Ближние подступы. Повесть. 14 глава




Ветрову больше нечего было здесь делать. В мастерской у немцев ремонтировался его трофейный автомобиль, на котором он готовился отправиться на родину. Вот‑вот будет дан ему сигнал, разрешающий отбыть. И уже отчуждение пролегло между нами. Это как в поезде, приближающемся к конечному пункту. Когда дорожные припасы съедены, все личные истории поведаны друг другу, чемоданы выставлены в проход и шарфы уже наброшены на шеи. То временное содружество, что сложилось в пути, распадается. Все разобщены, устремлены поврозь к предстоящим заботам, к волнениям встречи.

Но поезд вынужденно встал – ждет зеленого семафора на право втянуться на станцию. И это промедление томительно, и болезненна образовавшаяся отчужденность и пустота, и каждый теперь безвозвратно уже только сам по себе.

Но вот из «Черного орла», от братства сомнительных узников краснорожий мощный горбун тащит через бульвар зажаренного поросенка, стоймя стоящего на блюде. Блюдо поддерживает сам хозяин – Вечный Проходимец. И поросенок с помидором в пасти, с воткнутыми в спину морковками и веточками зелени устанавливается во главе прощального стола. Отбывает майор Ветров.

 

Потом в Москве Ветров раз‑другой навестил меня. Получал назначение. Делился заботами, связанными с переездом из Омска. Я передала ему просьбу Клавочки – встретиться. Свидание было им назначено у меня.

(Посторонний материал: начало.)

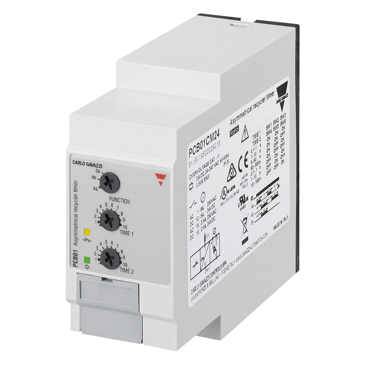 Timer Asymmetrical Recycler, Plug-in Socket mount, 36x80x94mm Euronorm housing, selectable time ranges 0,1s - 100h, Supply voltage 24-240Vac/Vdc, 8A DPDT relay output.

Не забуду тот вечер, Клавочку в нарядном черном шелковом платье с каре, густо обшитым бисером, терпеливо мерзнувшую в холодной нашей квартире, все еще ошеломленную его влюбленностью, предложением. Ждущую – вот‑вот придет он и все образуется.

Он не пришел.

И мне кажется, что в Быдгоще, при свете свечи посвящая меня в свой замысел – захватить Геббельса, он стал плавиться и плавился всю дорогу, превращаясь в фантом, И наконец исчезнув, оставил след в блестках Клавочкиного бисера и в душе ее – глубокое, печальное недоумение…

Но пока все еще Стендаль. Постепенно разъезжаются. Ветрова уже нет. Отбыл на машине.

Посыльный штаба Женя Гаврилов смотрел на меня с горькой приветливостью. Я была свидетелем в Познани пустякового бы вроде поначалу романа с девушкой Зосей и безутешного, залитого его слезами прощания. Ощущение былого счастья в горестной разлуке разрасталось, душа его полнилась отчаянием. Он пребывал теперь в сонливой одури, лишился прежней предприимчивости. Победа не предвещала воссоединения с любимой. Пока шла война, он смог разок смотаться с добродушного разрешения полковника на попутных машинах в Познань. Теперь, когда день ото дня наводились все более строгие порядки, такая возможность едва ли могла представиться, а женитьба на иностранке была запрещена; ему не хотелось жить. Опухшие, красные веки, изъеденные слезами, нехотя приоткрывали щелку – потускневшие, а еще недавно быстрые, алчные глаза.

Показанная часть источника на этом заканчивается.